TASK TO CARRY OUT: Transcribe every entry word for word, leaving out all images.

DATA TO EXAMINE:
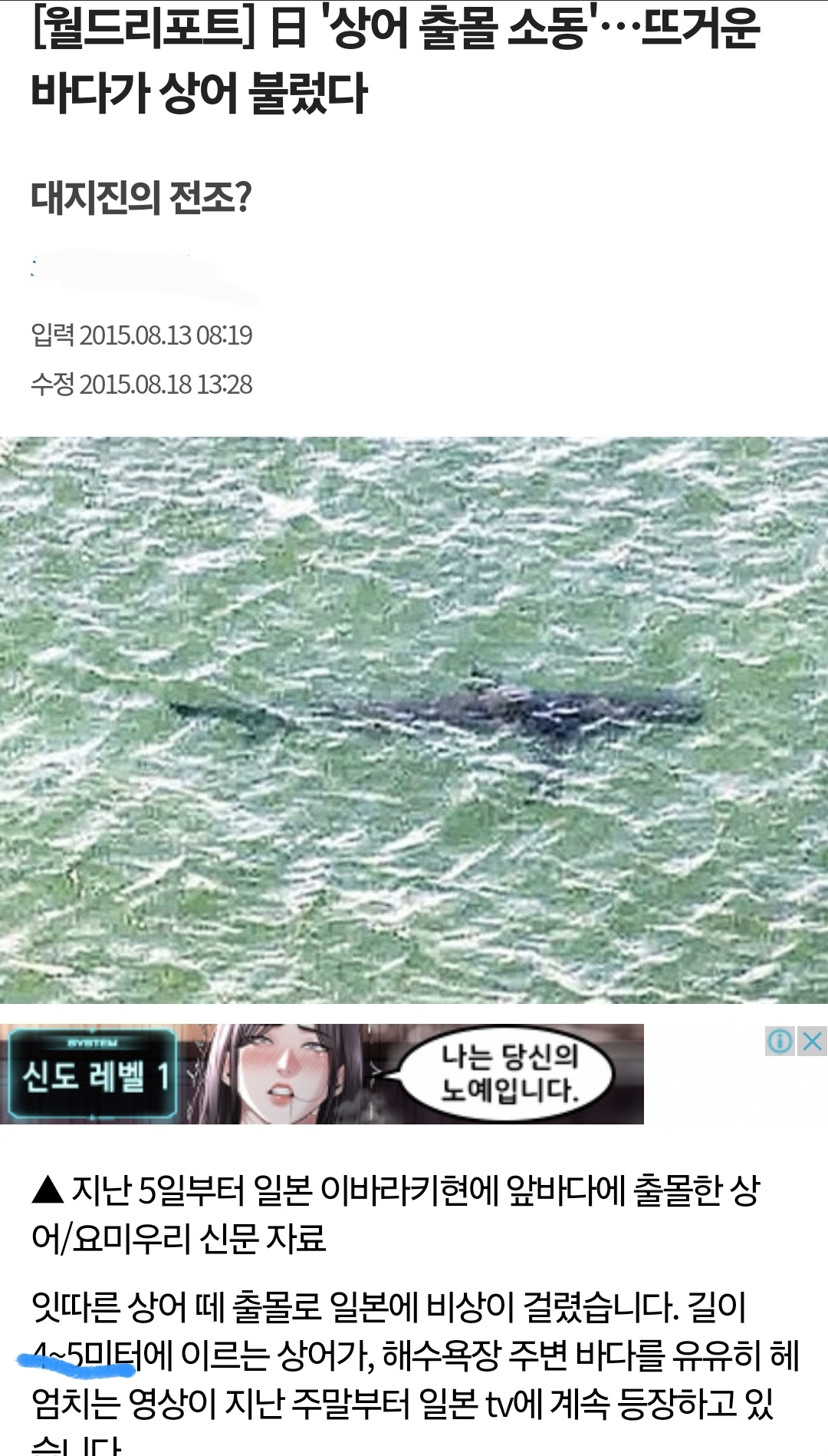 아마 우리보다 따뜻한 곳이라 더 많이 출연 할 것 같기는 함 이게 거의 10년 전 뉴스에도 나오는데 그 상어가 4~5미터 정도 하니까 | 24.06.29 18:25 | | |
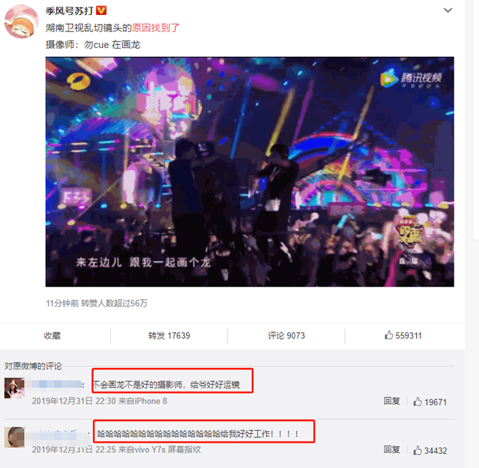 12.说实在的,今年芒果台阵容A爆,舞美A爆,就是负责摄像负责镜头切换的老师拖后腿。画面晃动,瞎切换,网友猜测,恐怕都去画龙画郭富城了,或者左手右手一个慢动作。
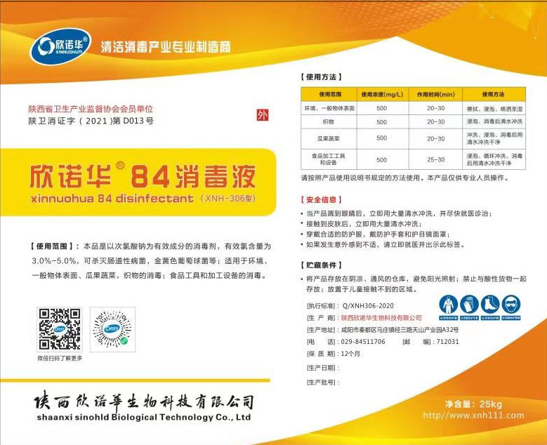 陜西欣諾華生物科技有限公司是衛(wèi)健委批準(zhǔn)的專業(yè)生產(chǎn)消毒產(chǎn)品的企業(yè),主要產(chǎn)品有:欣諾華牌84消毒液,欣諾華牌過氧化氫消毒液,欣諾華牌含氯泡騰消毒片,欣諾華牌75%酒精消毒液,欣諾華牌二氧化氯消毒劑,欣諾華牌含氯消毒粉,欣諾華牌免洗手消毒液,欣諾華牌免洗手消毒凝膠等產(chǎn)品的專業(yè)廠家,消毒產(chǎn)品衛(wèi)生許可證號(hào): 陜衛(wèi)消證字(2021)第D號(hào)013號(hào),客戶可放心使用。
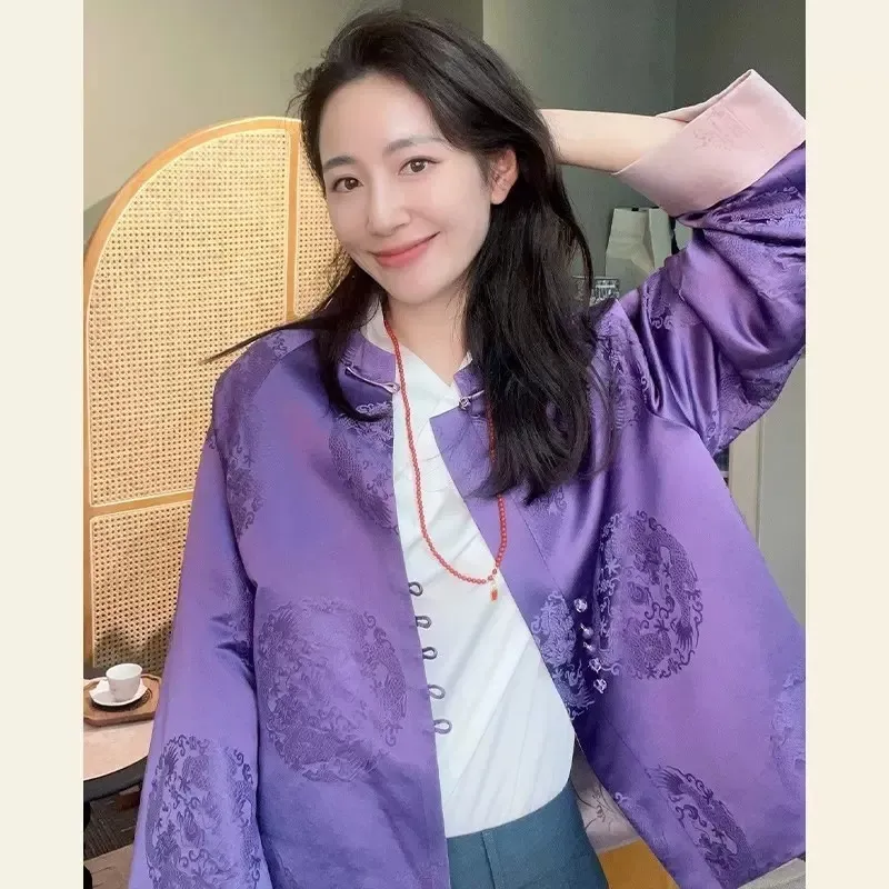 衣都精品- 新款中國風紫色提花盤扣短款外套
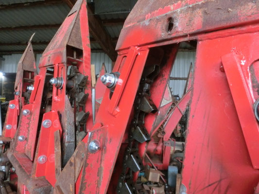 The bevel gears for driving the individual intake chains are fitted with bearings that have to be lubricated once a year using lubricating nipples.
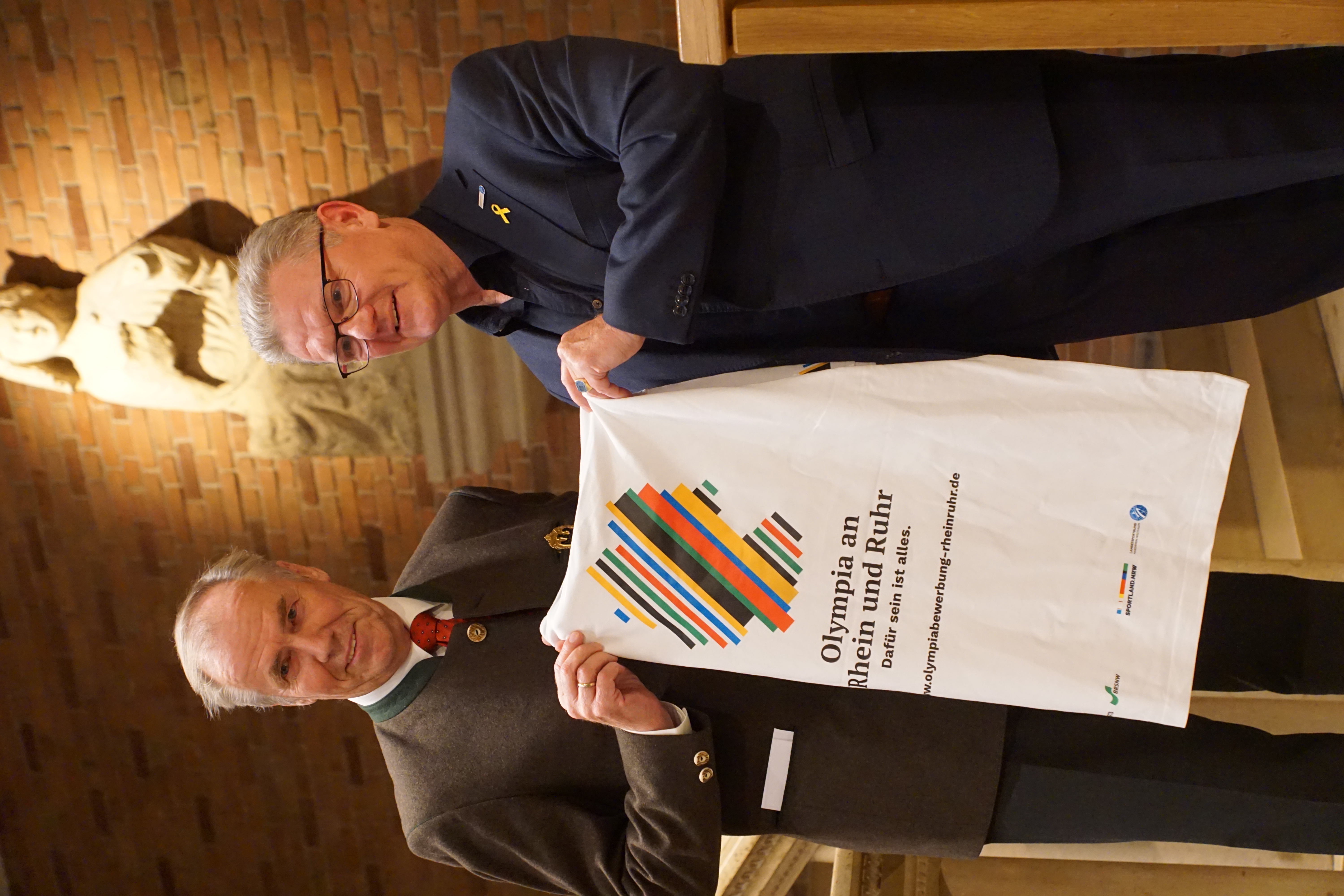 Dieser ließ es sich nicht nehmen ein gutes Wort über Olympia an Rhein und Ruhr zu verlieren und hatte natürlich auch ein kleines Präsent für den Präsidenten des Deutschen Schützenbundes, Hans-Heinrich von Schönfels. Ebenfalls zugegen waren der Geschäftsführer des DSB, Jörg Brokamp, der ursprünglich aus Münster kommt. Und auch der Präsident des Westfälischen Schützenbundes, Dr. Maik Hollmann, hat sich das ganze Wochenende frei genommen um der Veranstaltung beizuwohnen.

ANSWER:
 아마 우리보다 따뜻한 곳이라 더 많이 출연 할 것 같기는 함 이게 거의 10년 전 뉴스에도 나오는데 그 상어가 4~5미터 정도 하니까 | 24.06.29 18:25 | | |
 12.说实在的,今年芒果台阵容A爆,舞美A爆,就是负责摄像负责镜头切换的老师拖后腿。画面晃动,瞎切换,网友猜测,恐怕都去画龙画郭富城了,或者左手右手一个慢动作。
 陜西欣諾華生物科技有限公司是衛(wèi)健委批準(zhǔn)的專業(yè)生產(chǎn)消毒產(chǎn)品的企業(yè),主要產(chǎn)品有:欣諾華牌84消毒液,欣諾華牌過氧化氫消毒液,欣諾華牌含氯泡騰消毒片,欣諾華牌75%酒精消毒液,欣諾華牌二氧化氯消毒劑,欣諾華牌含氯消毒粉,欣諾華牌免洗手消毒液,欣諾華牌免洗手消毒凝膠等產(chǎn)品的專業(yè)廠家,消毒產(chǎn)品衛(wèi)生許可證號(hào): 陜衛(wèi)消證字(2021)第D號(hào)013號(hào),客戶可放心使用。
 衣都精品- 新款中國風紫色提花盤扣短款外套
 The bevel gears for driving the individual intake chains are fitted with bearings that have to be lubricated once a year using lubricating nipples.
 Dieser ließ es sich nicht nehmen ein gutes Wort über Olympia an Rhein und Ruhr zu verlieren und hatte natürlich auch ein kleines Präsent für den Präsidenten des Deutschen Schützenbundes, Hans-Heinrich von Schönfels. Ebenfalls zugegen waren der Geschäftsführer des DSB, Jörg Brokamp, der ursprünglich aus Münster kommt. Und auch der Präsident des Westfälischen Schützenbundes, Dr. Maik Hollmann, hat sich das ganze Wochenende frei genommen um der Veranstaltung beizuwohnen.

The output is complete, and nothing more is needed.